Nightingale’s pipeline transforms any audio or video file into a karaoke experience through several stages.

Pipeline Overview

flowchart TD
    A["🎵 Audio or video file"] --> B["UVR Karaoke / Demucs"]
    A2["🎼 USDX bundle (.txt / .usdx)"] --> E["Tauri App (Rust + React)"]
    B --> |"vocals + instrumental"| C["LRCLIB"]
    C --> |"synced lyrics if available"| D["WhisperX (large-v3) or Parakeet v3 (exp.)"]
    D --> |"word-level alignment, CJK readings"| E
    E --> F["🎤 Plays instrumental + synced lyrics\nwith pitch scoring, key/tempo controls,\nmic mirroring, and audio-reactive backgrounds"]

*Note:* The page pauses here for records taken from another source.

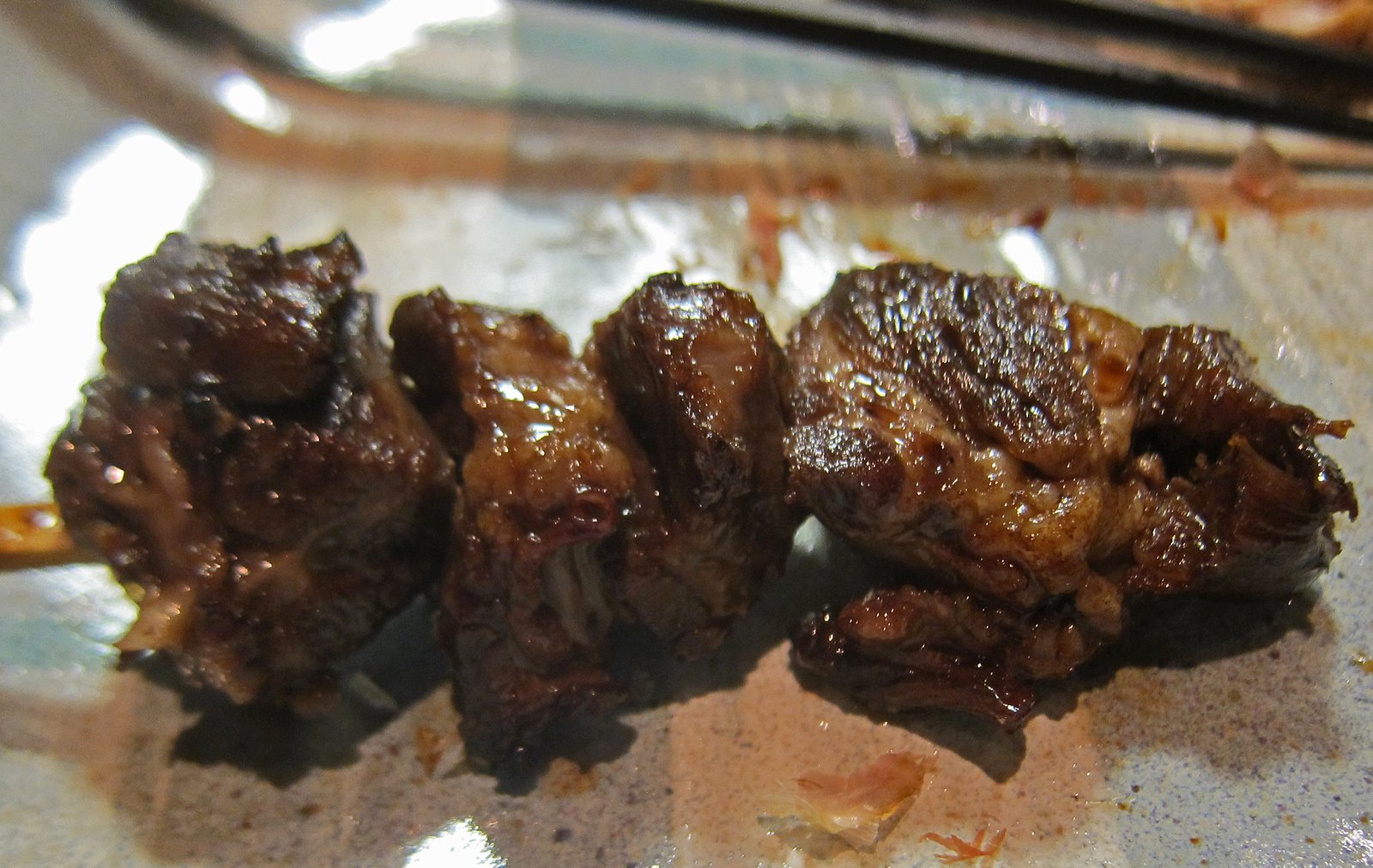 All the classic flavors in one bite. The exterior of the tongue has a touch if crispness from being grilled over the bincho which also adds just a hint of smoke flavor. This is one heck of a piece of meat on a stick. They don't always have it since I was told it takes a bit of time to make. You'll find it on the specials board.
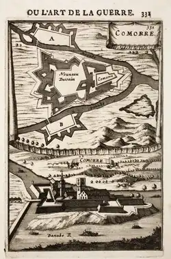 One disputed record of the name of the settlement can be dated back to 1075 as Camarum. Further documents mention the settlement as Kamarn(iensis) / Komarn(iense) (1218), Kamarum (1266), Camarum (1268), Kamar (1283) and many other, e.g. Camaron, Comaron (between 1372 and 1498). Villa Camarun was one of the 23 settlements belonging to the domain of the Komárom castle.
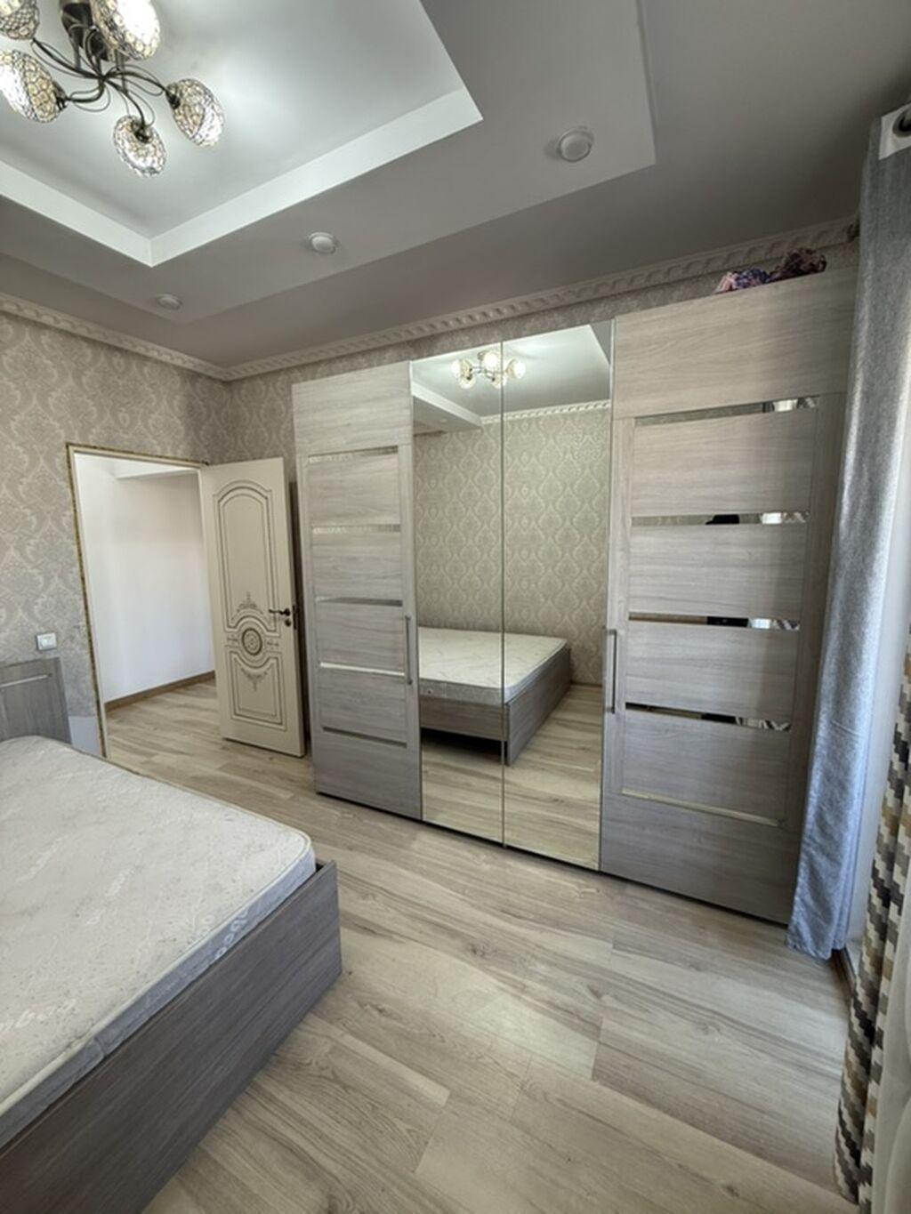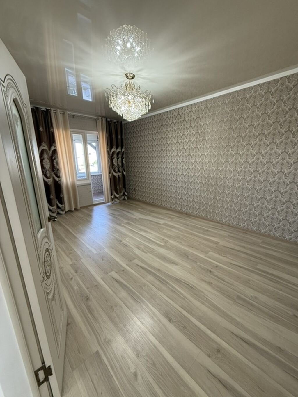 - Просторная комната с выходом на застеклённый балкон/лоджию, декоративные обои, два хрустальных потолочных светильника, натяжной глянцевый потолок.
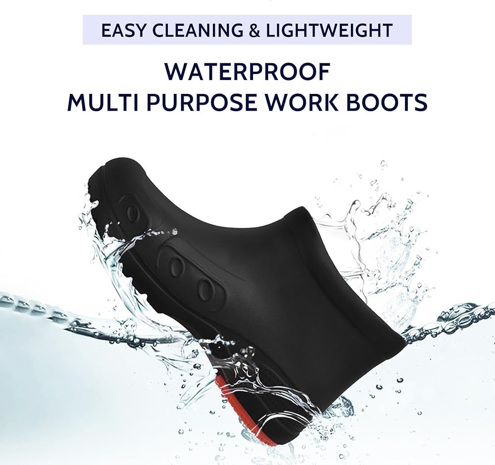 ثقة فائقة في مقاومة الماء - تغلب على أي أرضية مبللة مع أحذية EVA خفيفة الوزن، مما يحافظ على قدميك جافة تمامًا حتى في الظروف المغمورة. مثالية لكل من واجبات المطبخ والمغامرات الممطرة.
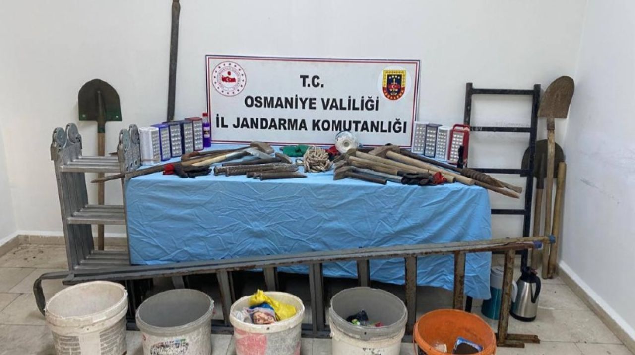 Ekipler, kaçak kazı yapan 9 şüpheliyi suçüstü yakaladı. Kazıda kullanılan 3 kürek, 9 el feneri, 9 kazma, 4 balyoz, 9 kazı demiri ile bir ip ele geçirildi.
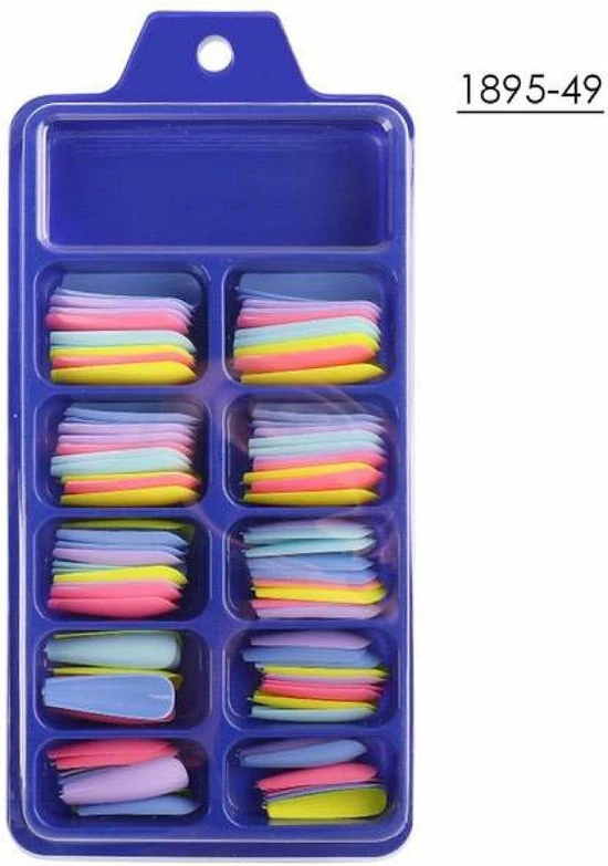 100 stuk Kunstnagels in 6 verschillende kleuren .De nagels zijn perfect voor een feestje of wanneer je gewoon zin hebt in wat anders De Nagelstickers zijn geschikt voor nail art
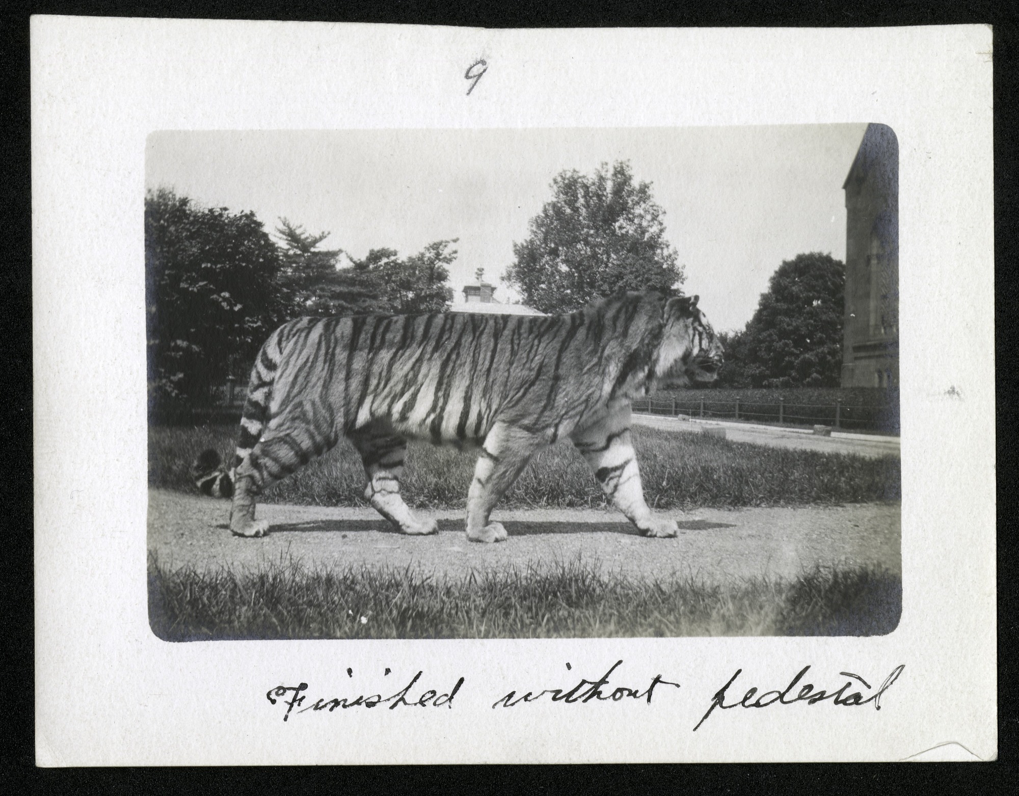 Photograph documenting the process of building a taxidermy frame for a tiger. The frame is standing in the South Yard behind the Smithsonian Institution Building, or "Castle." Image 9 of 10 shows the finished tiger display without its pedestal.
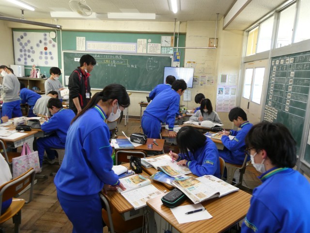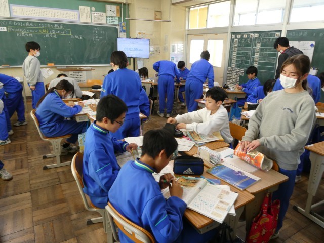 最後に自分の班で、①農作物 ②交通 ③職業 それぞれについての重要語句(キーワード)と、なぜ、その言葉が重要なのか、班の仲間に起立しながら、説明しています。

USDX bundles bypass stem separation and transcription entirely — the .txt is parsed into a transcript JSON shaped exactly like the analyzer cache, so playback reuses the existing pipeline. See UltraStar Deluxe.

Analyzer Server

The analyzer is a long-lived Python process that Nightingale spawns once on startup and talks to over a token-authenticated loopback TCP socket using newline-delimited JSON (NDJSON). Per-song startup costs (model load, CUDA init, Python imports) are paid once at boot, after which analyze requests stream progress events and complete with done or error messages. This makes back-to-back analyses noticeably faster than the previous per-song subprocess model.

Caching

Analysis results are cached in your configured data folder (cache/) using blake3 file hashes. Re-analysis only happens if the source file changes, if you trigger it manually, or when creating shifted key/tempo variants.

Hardware Acceleration

The Python analyzer uses PyTorch and auto-detects the best backend:

BackendDeviceNotes
CUDANVIDIA GPUFastest
MPSApple SiliconmacOS; WhisperX alignment falls back to CPU
CPUAnySlowest but always works

The UVR Karaoke model uses ONNX Runtime and enables CUDA acceleration automatically on NVIDIA GPUs, or CoreML on Apple Silicon.

A song typically takes 2–5 minutes on GPU, 10–20 minutes on CPU.